Pashinyan's victory will boost his efforts to diversify Armenia's allies and trading partners away from Russia and more towards Western countries.
Key to that effort is securing a peace deal with Azerbaijan and normalising relations with Turkey, which could unlock economic opportunities and boost regional connectivity in a strategic region sandwiched between Russia, Iran and Europe.
Pashinyan hailed a "historic victory" at a press conference in the early hours of Monday.
"The Armenian people voted for regional prosperity and cooperation and I hope this will draw a positive response from Turkey and Azerbaijan," he said, pledging to continue building ties with both the West and Russia.
But Pashinyan fell short of the two-thirds majority in parliament needed to call a constitutional referendum demanded as part of a peace deal by Azerbaijan - which has been at war with Armenia intermittently since the late 1980s - and to re-open the border and restart trade with Azerbaijan's ally Turkey.
Zaur Shiriyev, a non-resident scholar at the Carnegie Russia Eurasia Center, said it was unclear whether Azerbaijan would be willing to move forward with the peace process if Armenia failed to call a referendum on amending its constitution.
"The (Armenian) government would then face a very difficult domestic situation," Shiriyev said. "Cooperation with the opposition on such a sensitive issue is almost impossible."
Azerbaijan wants Armenia to amend its constitution to remove what it says is an implicit claim on Nagorno-Karabakh, a breakaway territory that had an ethnic Armenian population and was retaken by Baku in the 2023 war.
OPPOSITION GROUPS CALL FOUL
Some opposition groups criticised the election outcome and Pashinyan's victory announcement, made when partial early results showed his party with around 54% of the vote.
Parties need at least 4% of votes to enter parliament. The threshold is 8-10% for alliances of various sizes.
Opposition alliances Strong Armenia and Armenia Alliance won 23.2% and 9.9% of the vote respectively, the CEC said.
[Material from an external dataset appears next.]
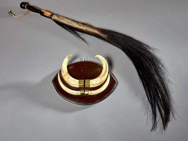On joint un chasse mouche réalisé dans la partie terminale de la queue d'un Gnou bleu (Connochaetes taurinus) (CH) avec insertion manche en bois exotique.
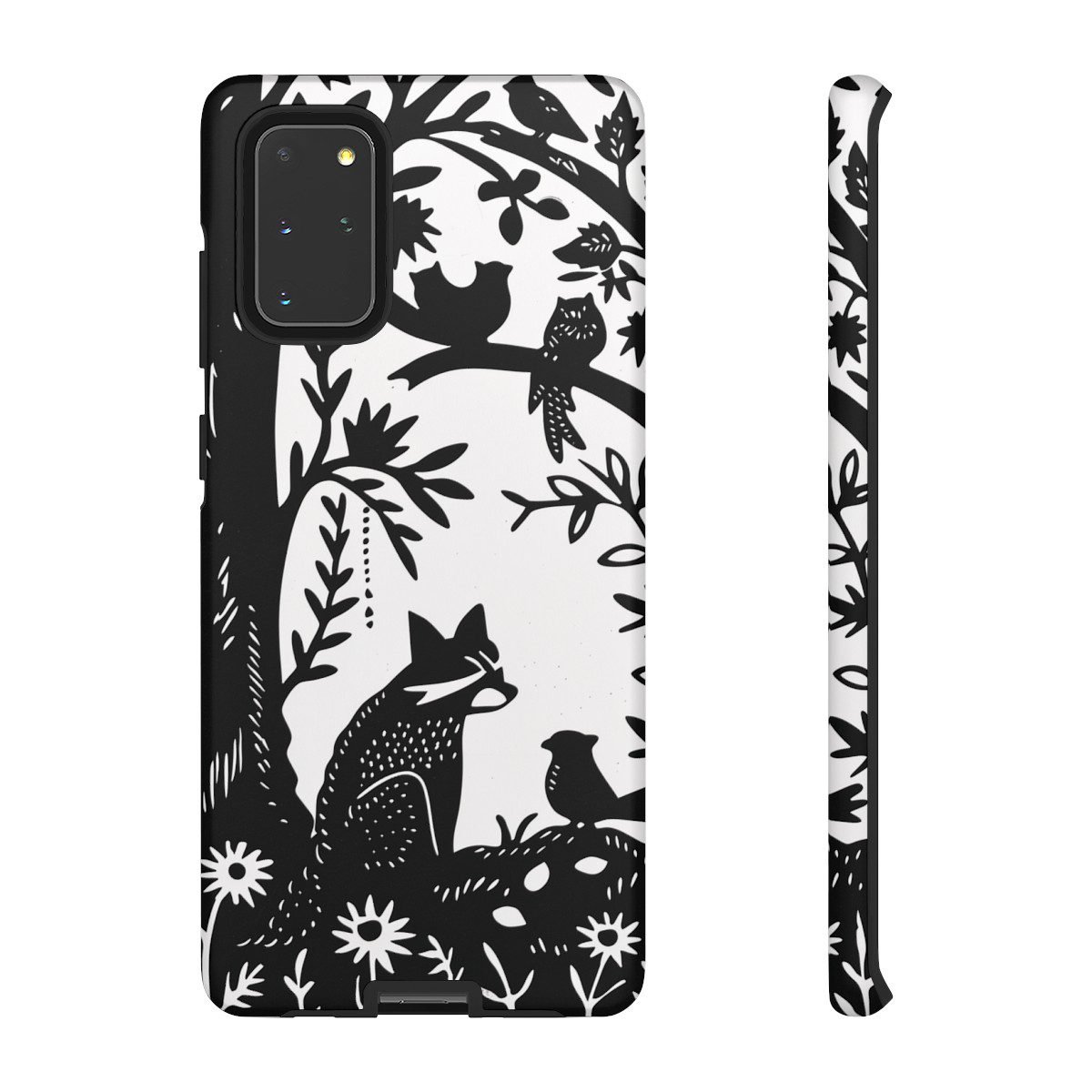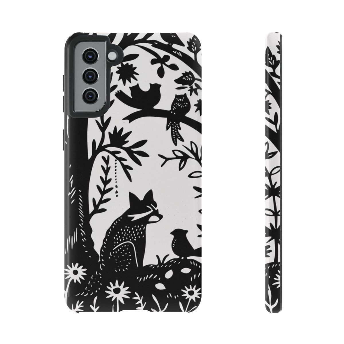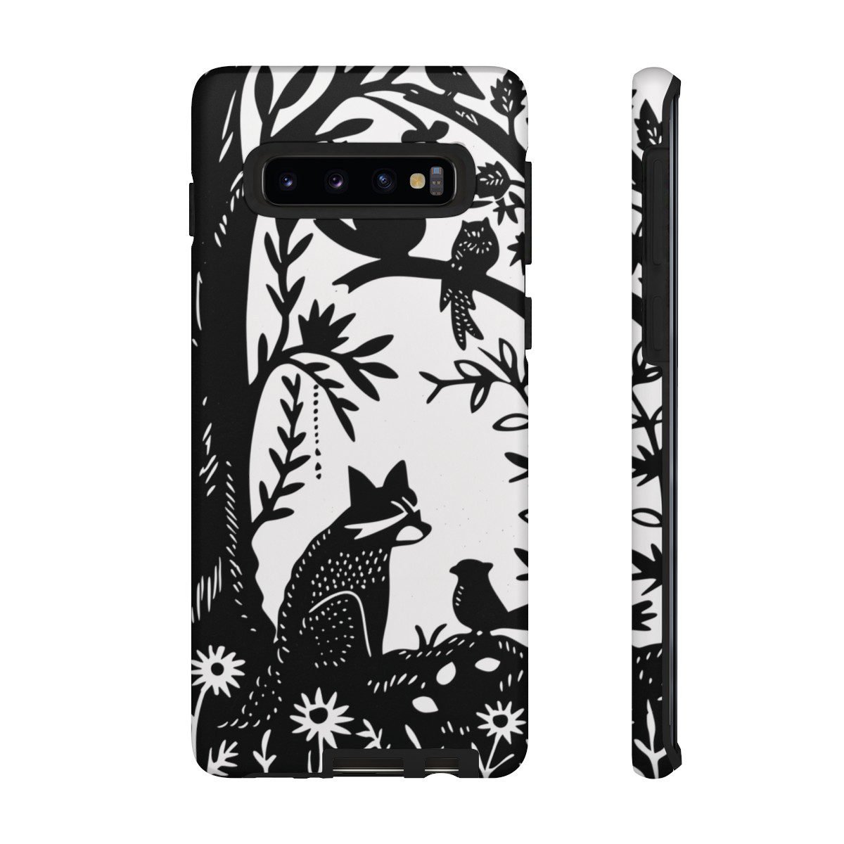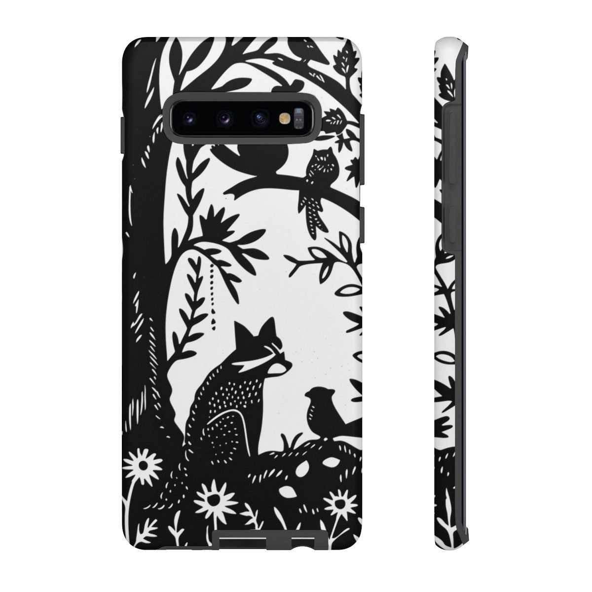Retro Linocut Raccoon Birds Tree Flowers – Samsung Galaxy S10 S20 S21 – Cell Phone – Tough Cases.

A fourth party, Prosperous Armenia, had initially looked set to enter parliament but a later tally put it just under the 4% threshold.
A spate of arrests before the election targeted the opposition, including parliamentary candidates for Strong Armenia. Party founder Samvel Karapetyan, Pashinyan's main rival, said over 700 people associated with the group had been arrested.
"Rest assured the elections are not over yet and there are no results. They (the authorities) will not get the victory they desire," Russia's Interfax news agency quoted him as saying.
Karapetyan campaigned on a pro-business platform and close ties with Moscow. He is under house arrest on charges of calling for the overthrow of the government, which he rejects as politically motivated.
The Armenia Alliance, led by former pro-Russian president Robert Kocharyan, said Pashinyan's early victory claim constituted "pressure on the CEC and usurpation of power," Interfax said.